IBM Scoops Up Silverpop

IBM announced today it intends to buy Silverpop, a cloud marketing platform that gives marketers insight into customer activity online.

Silverpop gives IBM a cloud-based marketing personalization tool that promises to provide users with a way to understand their customers better and offer more personalized experiences based on what they know.

For instance, if you know that your customer is an early adopter or a person who holds back, you can tailor your messages accordingly, rather than trying to fashion the same generic message to everyone in a one-size-fits-all approach.

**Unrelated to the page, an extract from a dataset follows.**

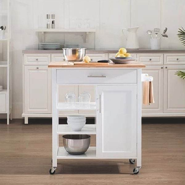 Với bề mặt được thiết kế rộng rãi và chắc chắn, tủ bếp di động có thể sử dụng như một bàn chế biến thực phẩm. Đây là nơi lý tưởng để bạn cắt thái, chuẩn bị nguyên liệu hoặc trưng bày các món ăn khi cần thiết. Một số mẫu còn được tích hợp ngăn kéo hoặc khay đựng dao kéo, giúp việc chế biến trở nên tiện lợi hơn.

Today, the goal is increasingly to find the perfect content for the “audience of one,” and deliver that to whatever device the customer happens to be using at the time

From IBM’s perspective, it gives them the ability to add this type of personalization to their portfolio of more than 100 SaaS offerings and it gives their customers that personalization tool so many are demanding today.

In a statement on the company website, Silverpop CEO Bill Nussey gave a typical argument for this type of deal, stating that he has been looking for a way to “accelerate the company’s incredible success.” And certainly being part of a company the size of IBM gives Silverpop access to a much bigger pool of resources.

Silverpop is just the latest in a series of marketing purchases by IBM. As is often the case with these types of purchases, it not only allows IBM to add Silverpop to its growing marketing services portfolio, it also gives them access to Silverpop’s client portfolio which includes Mazda, Advanced Micro Devices and Stonyfield Farm.

Analyst R Ray Wang, founder of Constellation Research, wrote on Twitter: “@Silverpop addresses the need for mass personalization at scale, identity, and improved targeting.”

The deal still has to pass regulatory muster and, according to IBM, is expected to close some time during the second quarter of 2014.